UTSA is working to return the remains and is in full compliance with federal law, Joe Izbrand, the university's chief communications officer, tells Axios.
- He says UTSA acquired the remains through excavations conducted by the school or donations from other institutions or private groups.
- "They are preserved with dignity and stored in a secure facility. It is our intention to repatriate all of the remains and objects to the rightful parties, and we are working methodically to facilitate their return, enabled in part by a grant from the National Park Service," he says.
In Austin, the University of Texas Archeological Research Laboratory has the 17th largest cache of unrepatriated Native American remains in the country and largest in Texas.
- The remains of 341 Native Americans, or 15% of the university's collection, have been made available for return to tribes, according to ProPublica.
- Lab officials say they have completed comprehensive inventories of the remains, and the disposition of the remains and associated objects "will be determined by each tribe."
- The university's collection is kept in a separate, quiet, climate-controlled room, and the lab "has worked diligently and within legal requirements," to respond to requests, officials said in a September statement.
Yes, but: The Miakan-Garza Band, a Coahuiltecan tribe local to Central Texas that is not federally recognized, recently renewed its push to get the lab to return three sets of remains found in Hays County.
- University officials initially denied the request in 2020 over what they considered to be a lack of evidence linking the remains to the tribe.
- UT later sought a recommendation from a review committee formed under the 1990 law, but the case has been put on hold as the university considers an alternative plan to build a massive archeological cemetery for "culturally unidentifiable" remains.

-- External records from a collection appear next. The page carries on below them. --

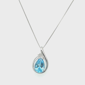 10K White Gold Blue Topaz Pendant which features exceptional Design, Craftsmanship and finishing. Perfect gift for Mothers Day, Birthdays, Valentines Day, Graduation, Christmas or just about any other occasion. There is one diamond accent set on top of the Oval Blue Topaz Includes 10K White Gold fine 18 inch Chain.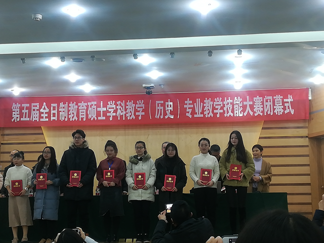 2019年12月13-15日,第五届全国全日制教育硕士学科教学(历史)专业教学技能大赛决赛在曲阜师范大学成功举办,我院学科教学(历史)专业2018级硕士研究生姜雯荣获二等奖、冯思雨荣获优秀教学设计奖,指导老师王守谦教授被评为“优秀指导教师”。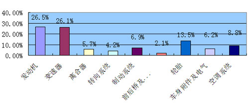 具體情況為:發(fā)動(dòng)機(jī)占26.5% ;變速器占 26.1% ;離合器占 5.7% ;轉(zhuǎn)向系統(tǒng)占4.2%;制動(dòng)系統(tǒng)占6.9%;前后橋及懸架系統(tǒng)占 2.1% ;輪胎13.5%;車身附件占 6.2% ,空調(diào)系統(tǒng)8.8%。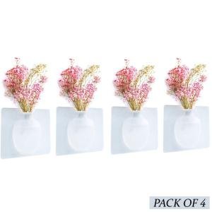 4-Piece Sticky Silicone Wall Mounted Flower Vase – Reusable Magic Plant Holder, No-Drill Suction Vase for Glass, Tiles & Mirrors, Modern Decorative Display for Air Plants & Herbs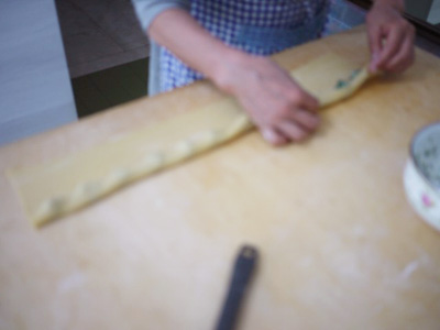 (3)生地と一緒に手前に転がす。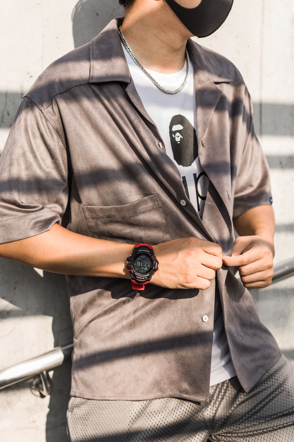 由于表盘比较大,所以在整身穿搭中的存在感超强,再加上黑中带红的颜色搭配,别人想忽略都难。

What they're saying: "That spirit has been in agony, waiting," Maria Rocha, an elder of the Miakan-Garza Band, said during a September prayer. "UT is saying that spirit can wait three or four more years, 10 more years in agony. So I'm saying to myself, if their parent or grandparent was in agony, would they just postpone it for a few more years? No, no."
Zoom out: According to ProPublica's database, 28 Texas institutions still had the remains of Indigenous people in their possession.
- Of those, some have made the majority available to tribes for repatriation. For instance, Texas A&M University had 55 Indigenous persons' remains, after making the remains of 112 people available for return to tribes, according to ProPublica's data.
- Meanwhile, Museum of Texas Tech University has not returned any of the 377 Indigenous remains in its collection, per the database.
Between the lines: Institutions must identify remains and consult with tribes to determine where the remains and other items must go. Critics say following the law can be expensive for tribes and is full of red tape that delays the return of remains and other sacred objects.
Editor's note: This story has been updated with a comment from the Witte Museum.